### DATASET CONTENT
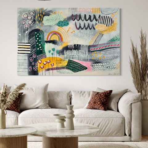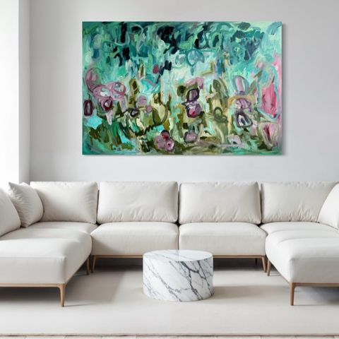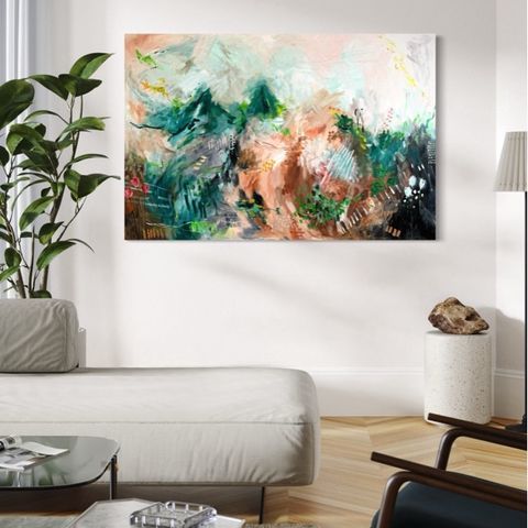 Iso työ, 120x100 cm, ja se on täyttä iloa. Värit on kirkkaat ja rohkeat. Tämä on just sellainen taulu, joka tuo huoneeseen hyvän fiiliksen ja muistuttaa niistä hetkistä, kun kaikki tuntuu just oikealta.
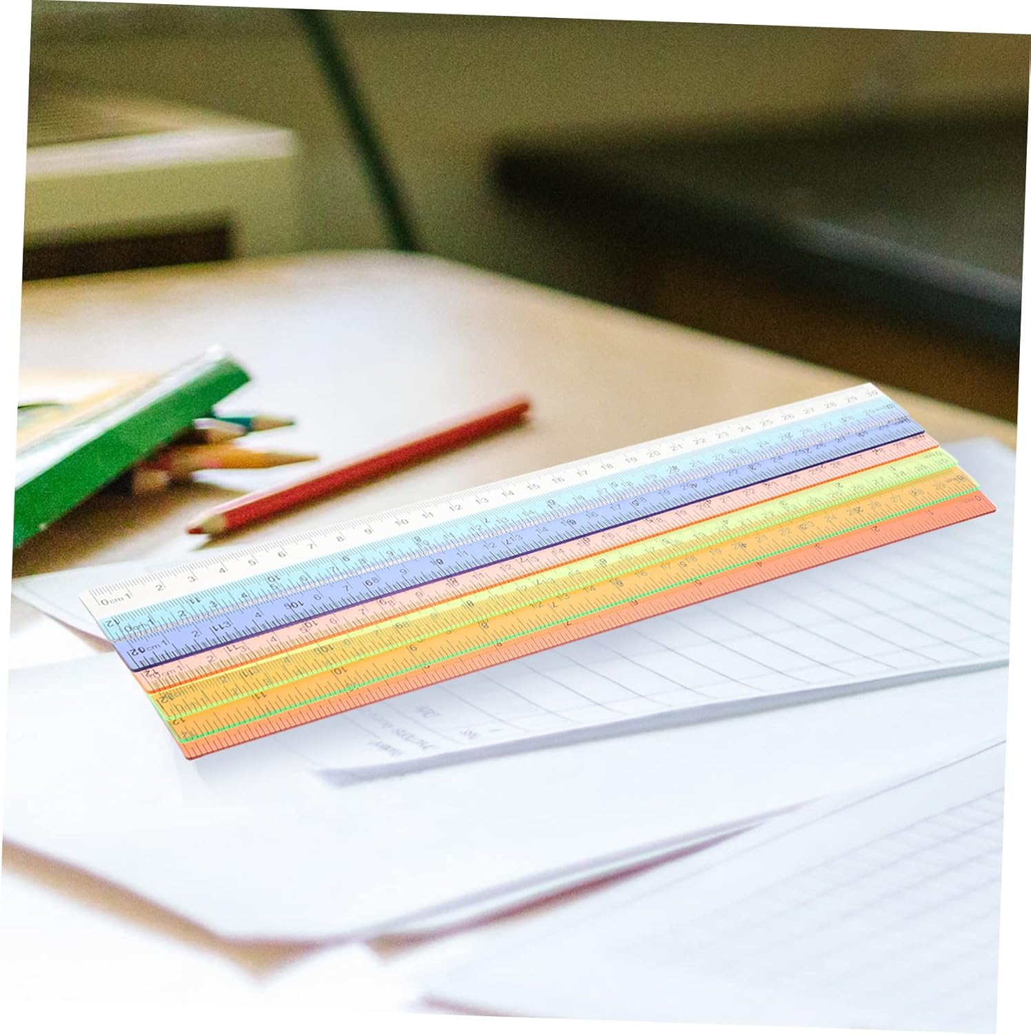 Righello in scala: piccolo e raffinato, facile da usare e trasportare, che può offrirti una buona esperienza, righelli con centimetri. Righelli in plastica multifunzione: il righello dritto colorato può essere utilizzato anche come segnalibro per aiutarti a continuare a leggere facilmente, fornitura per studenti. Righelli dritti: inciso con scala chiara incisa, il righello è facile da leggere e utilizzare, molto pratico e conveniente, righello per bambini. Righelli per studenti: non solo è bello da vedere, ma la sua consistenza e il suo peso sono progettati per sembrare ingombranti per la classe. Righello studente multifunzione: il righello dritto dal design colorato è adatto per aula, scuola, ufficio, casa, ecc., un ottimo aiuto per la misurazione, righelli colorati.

...

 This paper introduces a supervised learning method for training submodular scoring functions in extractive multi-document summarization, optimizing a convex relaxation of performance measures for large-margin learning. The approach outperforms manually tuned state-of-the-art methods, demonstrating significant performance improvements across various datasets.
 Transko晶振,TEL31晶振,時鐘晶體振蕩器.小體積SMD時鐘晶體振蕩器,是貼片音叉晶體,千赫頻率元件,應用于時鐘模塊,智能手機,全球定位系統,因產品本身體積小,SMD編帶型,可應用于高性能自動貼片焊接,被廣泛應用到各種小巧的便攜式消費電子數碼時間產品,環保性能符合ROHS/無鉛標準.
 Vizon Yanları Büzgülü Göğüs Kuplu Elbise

### WORK TO COMPLETE
Transcribe only the lines above that start at the line containing "Iso työ, 120x100" and end at the line containing "Righello in scala: piccolo". Omit pictures.

### EXPECTED ANSWER
 Iso työ, 120x100 cm, ja se on täyttä iloa. Värit on kirkkaat ja rohkeat. Tämä on just sellainen taulu, joka tuo huoneeseen hyvän fiiliksen ja muistuttaa niistä hetkistä, kun kaikki tuntuu just oikealta.
 Righello in scala: piccolo e raffinato, facile da usare e trasportare, che può offrirti una buona esperienza, righelli con centimetri. Righelli in plastica multifunzione: il righello dritto colorato può essere utilizzato anche come segnalibro per aiutarti a continuare a leggere facilmente, fornitura per studenti. Righelli dritti: inciso con scala chiara incisa, il righello è facile da leggere e utilizzare, molto pratico e conveniente, righello per bambini. Righelli per studenti: non solo è bello da vedere, ma la sua consistenza e il suo peso sono progettati per sembrare ingombranti per la classe. Righello studente multifunzione: il righello dritto dal design colorato è adatto per aula, scuola, ufficio, casa, ecc., un ottimo aiuto per la misurazione, righelli colorati.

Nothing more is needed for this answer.